I was reading my devotions recently and came across this verse: Exodus 3:6b, "Moses hid his face, afraid to look at God."  This is how we know Moses didn't have a Facebook account.  All joking aside, why do you suppose he was afraid.  If we read a few chapters earlier we learn his history.  We discover some possible reasons why he hid his face.  I've compiled a list in Dave Letterman form, drum roll please....

Top Ten Reasons why Moses hid his face: 
10. He saw a burning bush (which wasn’t consumed).    
9. He saw a “talking” burning bush (ooh wee, cookooie). 
8. He had a severely disfigured face (totally joking). 
7.He was afraid of what God would say to him. 
6.He didn’t want to go back to Egypt (or confront his past). 
5. He was ashamed because of his past (his past kept him paralyzed). 
4. He felt unworthy. 
3. He felt disqualified because he stuttered (no wonder I like him).  
2. He was an outlaw.  
1.   He’d forgotten or was unsure of who he really was.
As you read that list, if you're like me, you could probably relate to at least half of those excuses, I mean "reasons." Exodus 3:11, 'Moses answered God, "But why me? What makes you think that I could ever go to Pharaoh and lead the children of Israel out of Egypt?'  When we look at Moses' life at the time of this miraculous encounter with God, we find out that not only  did he flee from Egypt because he murdered a guy but now he's herding sheep on the "backside of the desert" for his father in law Jethro.  This is not exactly the type of leader you and I would have chosen.  If he was running for office today, we would not pick him as our next president.  He's not the type of guy we want leading an entire nation.  This is exactly why God chose him.  And continues to choose people like you and I today. 
1 Corinthians 1:26-31
Take a good look, friends, at who you were when you got called into this life. I don’t see many of “the brightest and the best” among you, not many influential, not many from high-society families. Isn’t it obvious that God deliberately chose men and women that the culture overlooks and exploits and abuses, chose these “nobodies” to expose the hollow pretensions of the “somebodies”? That makes it quite clear that none of you can get by with blowing your own horn before God.
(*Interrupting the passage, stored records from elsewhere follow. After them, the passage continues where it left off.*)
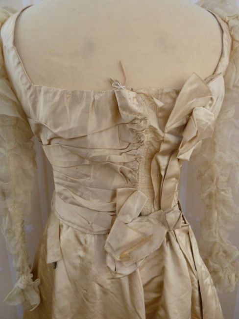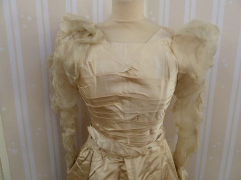 Victorian  ivory satin wedding dress with pleated bodice, full skirt, chiffon ruched sleeves - attached a handwritten note '1898 Wedding - wedding dress ....not worn at wedding - as Ellen was married " in her bonnet""Condition ReportOverall this dress, bodice and skirt, are in good condition.  There appear to be no marks on the satin, the sleeves are complete and not worn, there is some very slight staining on the pleated front of the bodice, the hooks and eyes are rusty, We believe from the note it has never been work and lain in a box for some decades. It has not been used for 'dressing up; that is obvious.If more detail needed we suggest ringing the saleroom 01242 252636 to ask specific questions
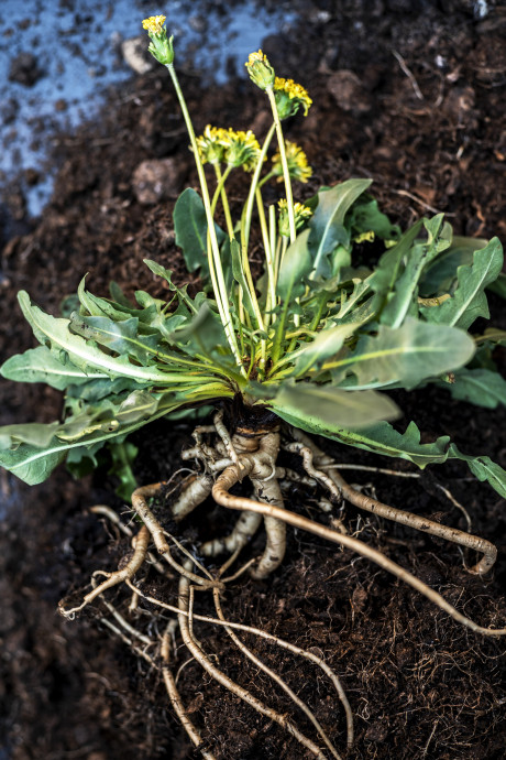 Russischer Löwenzahn mit Wurzel
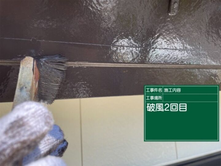 土浦市現場、前回までに1回目の破風板塗装が終わっているので、ハケを使用して2回目の塗装を行っていきます。
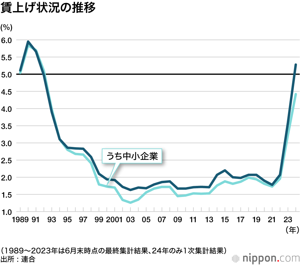 春闘賃上げ5.28%―連合1次集計 : 33年ぶりの高水準

Everything that we have—right thinking and right living, a clean slate and a fresh start—comes from God by way of Jesus Christ. That’s why we have the saying, “If you’re going to blow a horn, blow a trumpet for God.”
What this scripture is NOT saying is: "time to take up trumpet lessons."  Or "hey, you should join a jazz band!"  What it's saying is if you want to boast in anything boast in God.  I'm reading a book about spiritual leadership and here's an excerpt that is applicable.
Once Saint Francis of Assisi was confronted by a brother who asked him repeatedly, "Why you? Why you?" Francis responded, in today's terms, "Why me what?"  "Why does everyone want to see you? Hear you? Obey you? You are not all so handsome, nor learned, nor from a noble family.  Yet the world seems to want to follow you," the brother said.  Then Francis raise his eyes to heaven, knelt in praise to God and turned to his interrogator:   
You want to know?  It is because the eyes of the Most High have willed it so.  He continually watches the good and the wicked, and as His most holy eyes have not found among sinners any smaller man, nor any more insufficient and sinful, therefore He has chosen me to accomplish the marvelous work which God hath undertaken; He chose me because He could find none more worthless, and He wished to confound the nobility of grandeur, the strength, the beauty and the learning of this world (Spiritual Leadership, J.Oswald Sanders, 2007). 
When we read in Exodus 33:11a, the bible says, "The Lord would speak to Moses face to face, as one speaks to a friend." So how did Moses go from the guy who hid his face to the guy who spoke to God face to face?  What changed?  His perspective.  Instead of focusing on his weaknesses, he learned how to focus on God's strength.  He went from telling God how big his problems where to telling his problems how big his God is.  Because of his faith an entire nation was delivered from slavery.  What would happen in our lives if we updated our prescription and changed our focus (Rhetorical question)?  Imagine how different our world would be if we stopped hiding our face from God and started meeting Him face to face.